### [Your goal]
When the listing below reaches the line that has "中原经纬网 ————好意思空", start reproducing exactly; stop after the line that has "デザイン性の高いシャツカラー", and drop the pictures.

### [The data]
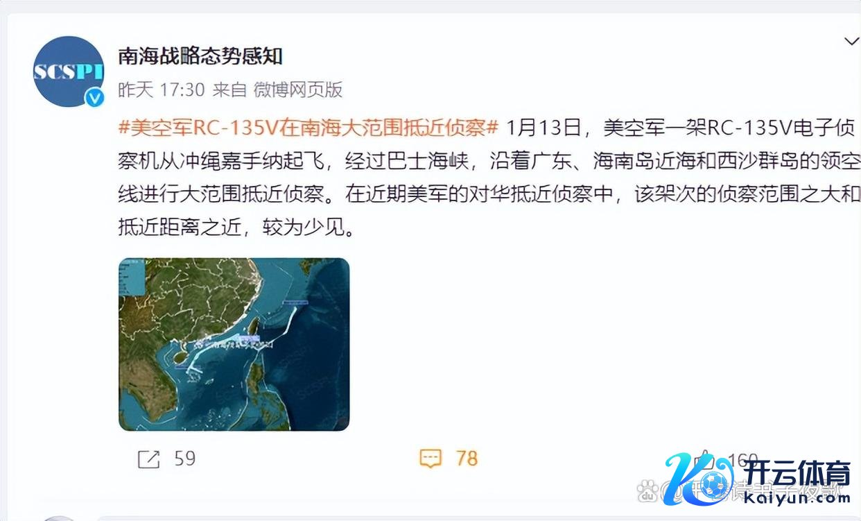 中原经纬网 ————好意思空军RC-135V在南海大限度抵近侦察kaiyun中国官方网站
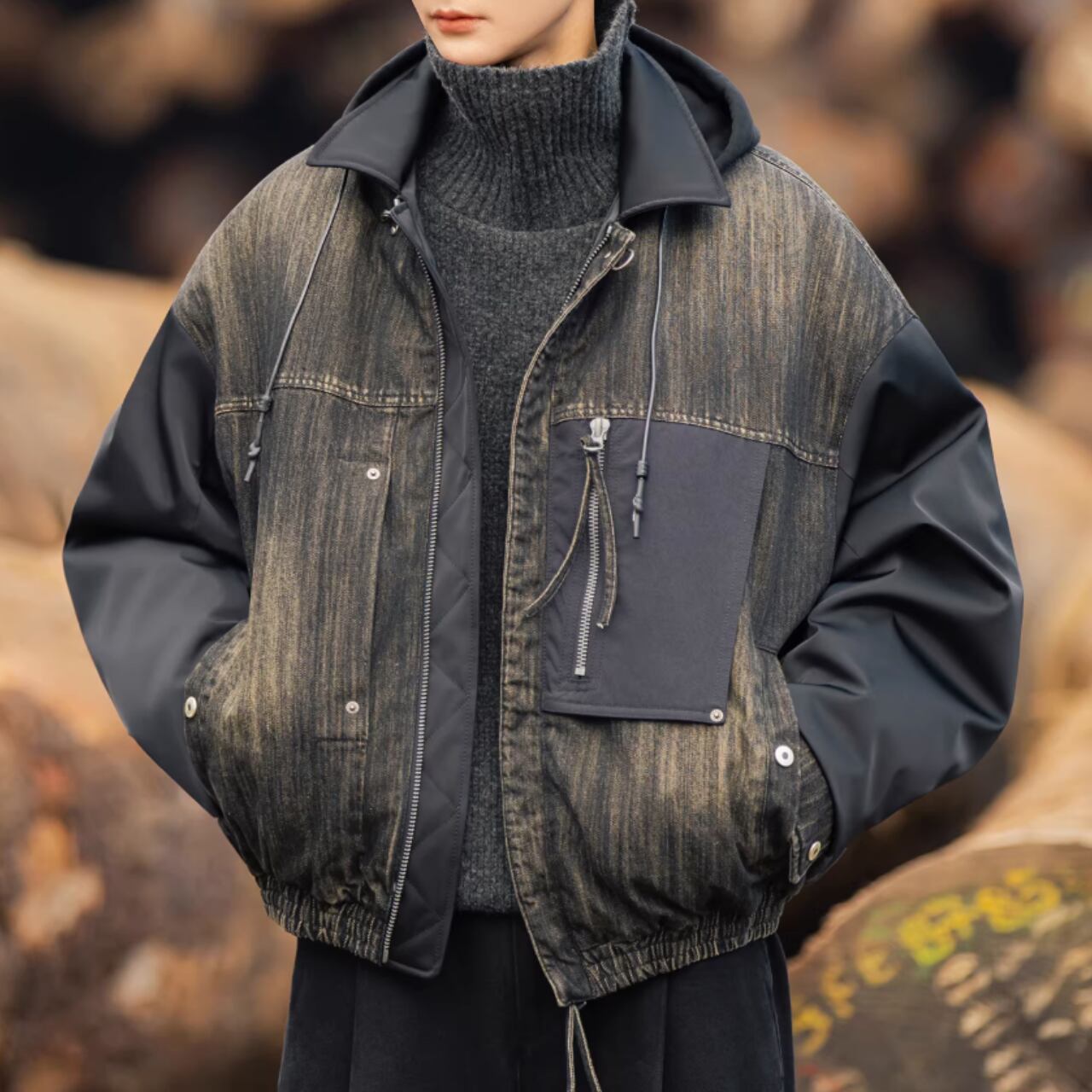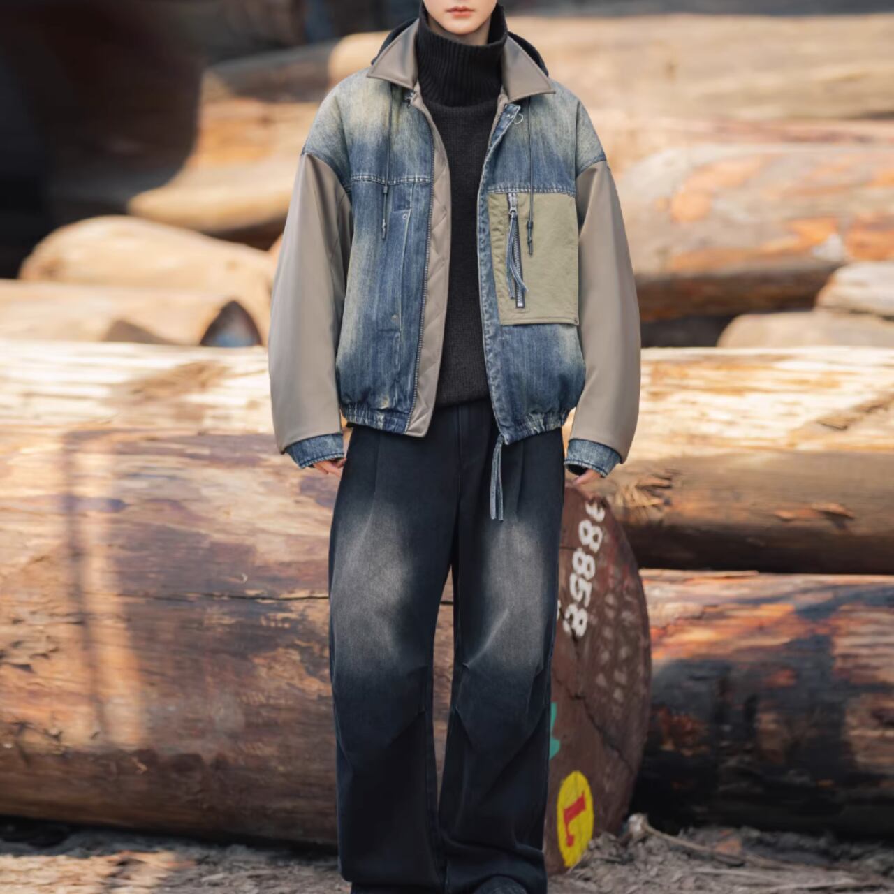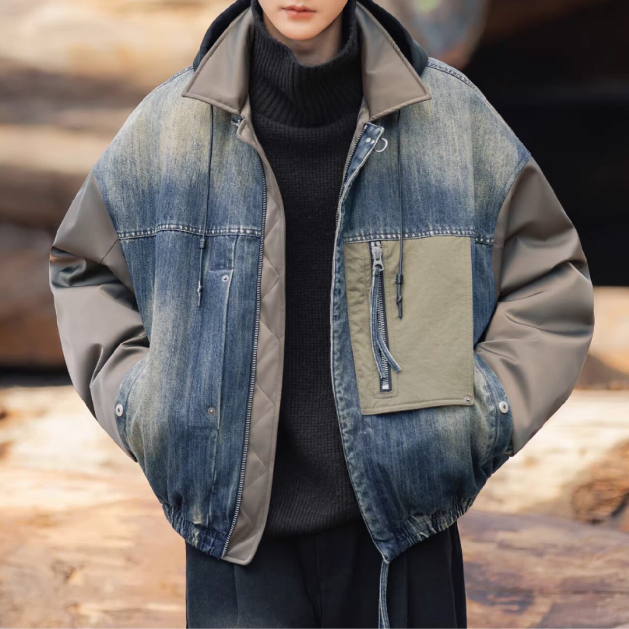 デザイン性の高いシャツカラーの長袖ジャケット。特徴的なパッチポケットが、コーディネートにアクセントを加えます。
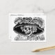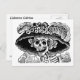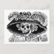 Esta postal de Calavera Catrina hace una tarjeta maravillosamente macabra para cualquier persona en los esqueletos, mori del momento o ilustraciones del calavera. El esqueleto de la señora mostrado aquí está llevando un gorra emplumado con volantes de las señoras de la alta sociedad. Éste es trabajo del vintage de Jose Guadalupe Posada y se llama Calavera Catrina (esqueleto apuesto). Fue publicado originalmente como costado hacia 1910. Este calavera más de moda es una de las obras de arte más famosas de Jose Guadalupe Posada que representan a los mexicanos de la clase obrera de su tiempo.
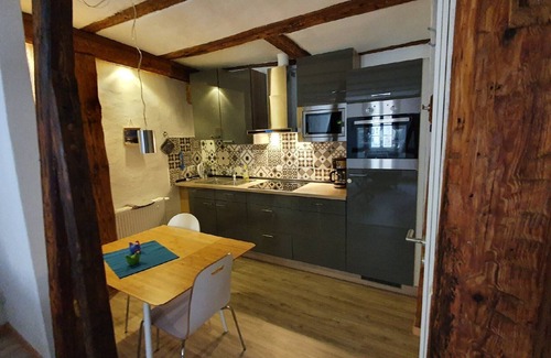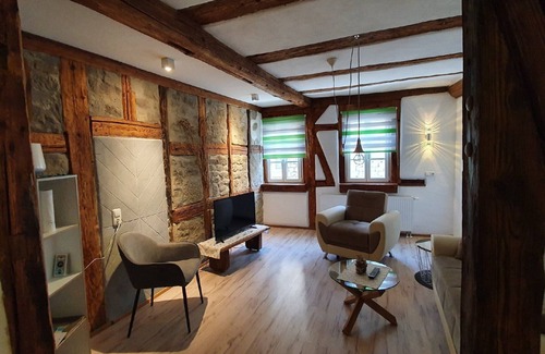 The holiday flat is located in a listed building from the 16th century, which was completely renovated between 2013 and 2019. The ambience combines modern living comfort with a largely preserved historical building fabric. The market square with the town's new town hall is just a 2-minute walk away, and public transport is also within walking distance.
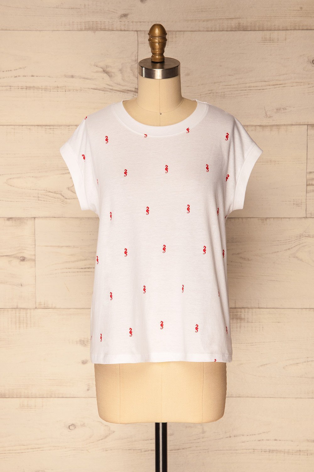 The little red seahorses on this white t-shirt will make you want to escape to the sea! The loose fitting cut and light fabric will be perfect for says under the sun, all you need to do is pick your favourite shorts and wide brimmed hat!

...

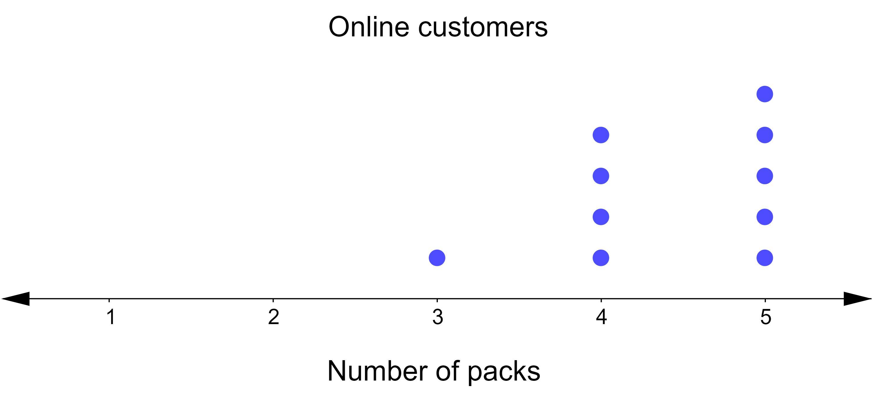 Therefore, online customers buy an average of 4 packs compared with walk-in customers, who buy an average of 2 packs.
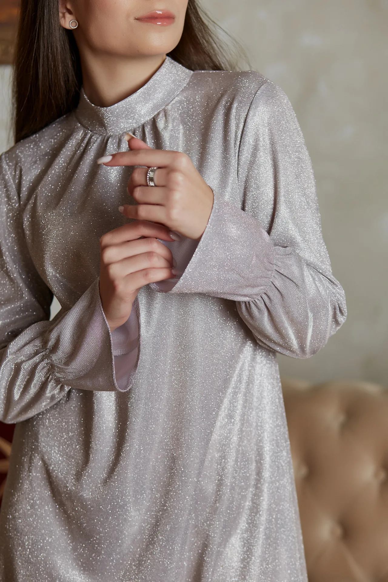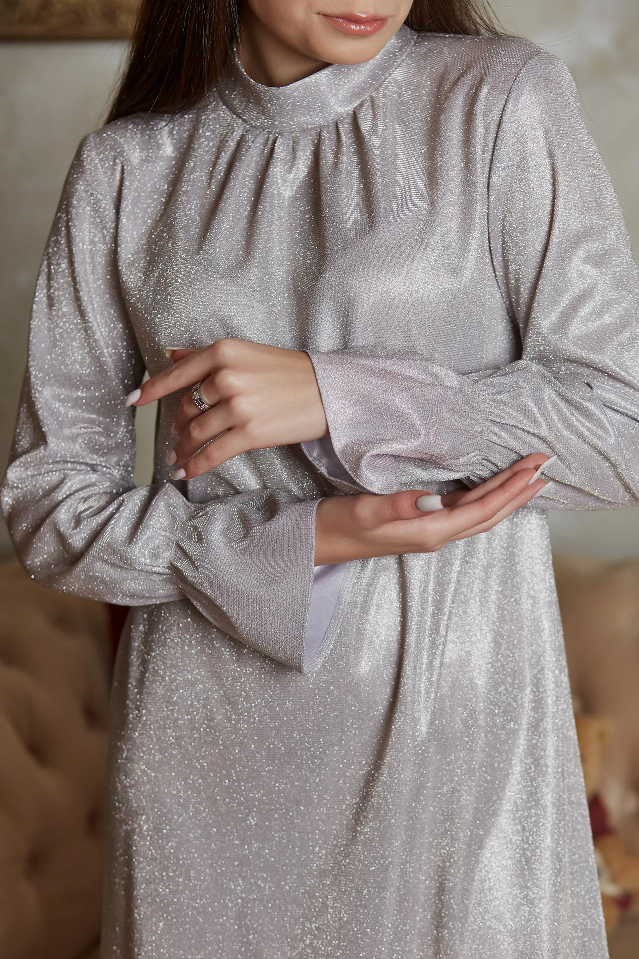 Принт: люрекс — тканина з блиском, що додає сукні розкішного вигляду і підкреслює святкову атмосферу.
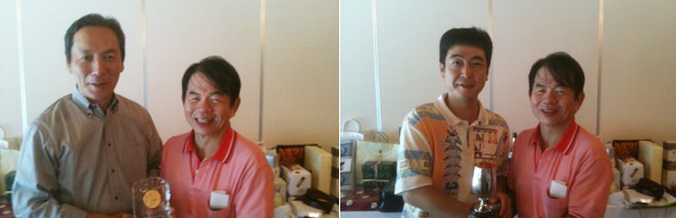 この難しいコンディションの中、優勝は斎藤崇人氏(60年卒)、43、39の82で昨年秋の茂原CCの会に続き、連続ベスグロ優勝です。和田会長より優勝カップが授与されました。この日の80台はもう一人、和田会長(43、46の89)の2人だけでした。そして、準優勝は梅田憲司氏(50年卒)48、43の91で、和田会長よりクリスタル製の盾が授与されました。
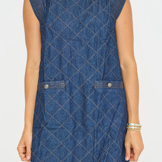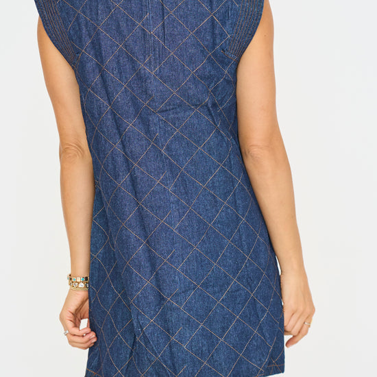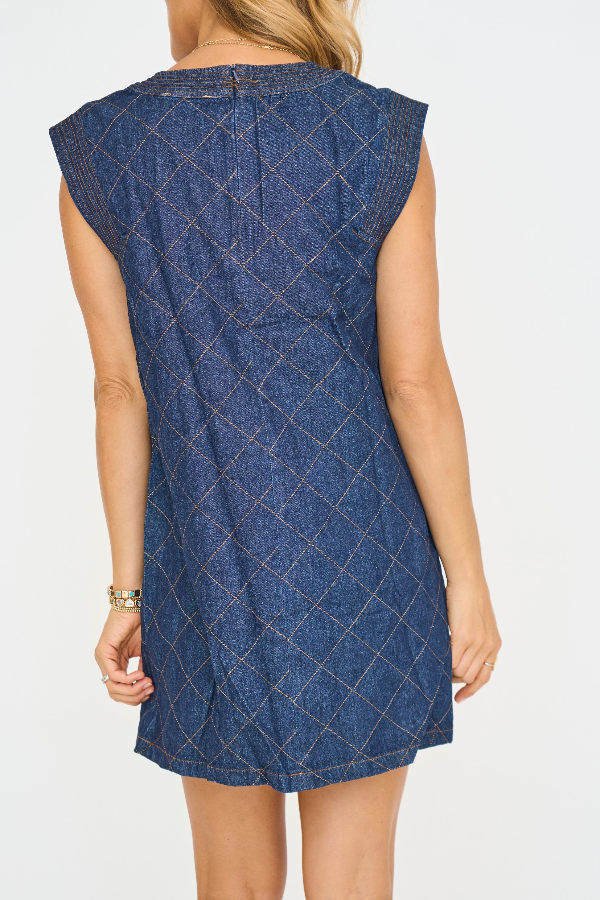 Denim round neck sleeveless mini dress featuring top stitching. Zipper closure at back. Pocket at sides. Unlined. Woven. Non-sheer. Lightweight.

### [Solution for this task]
 中原经纬网 ————好意思空军RC-135V在南海大限度抵近侦察kaiyun中国官方网站
 デザイン性の高いシャツカラーの長袖ジャケット。特徴的なパッチポケットが、コーディネートにアクセントを加えます。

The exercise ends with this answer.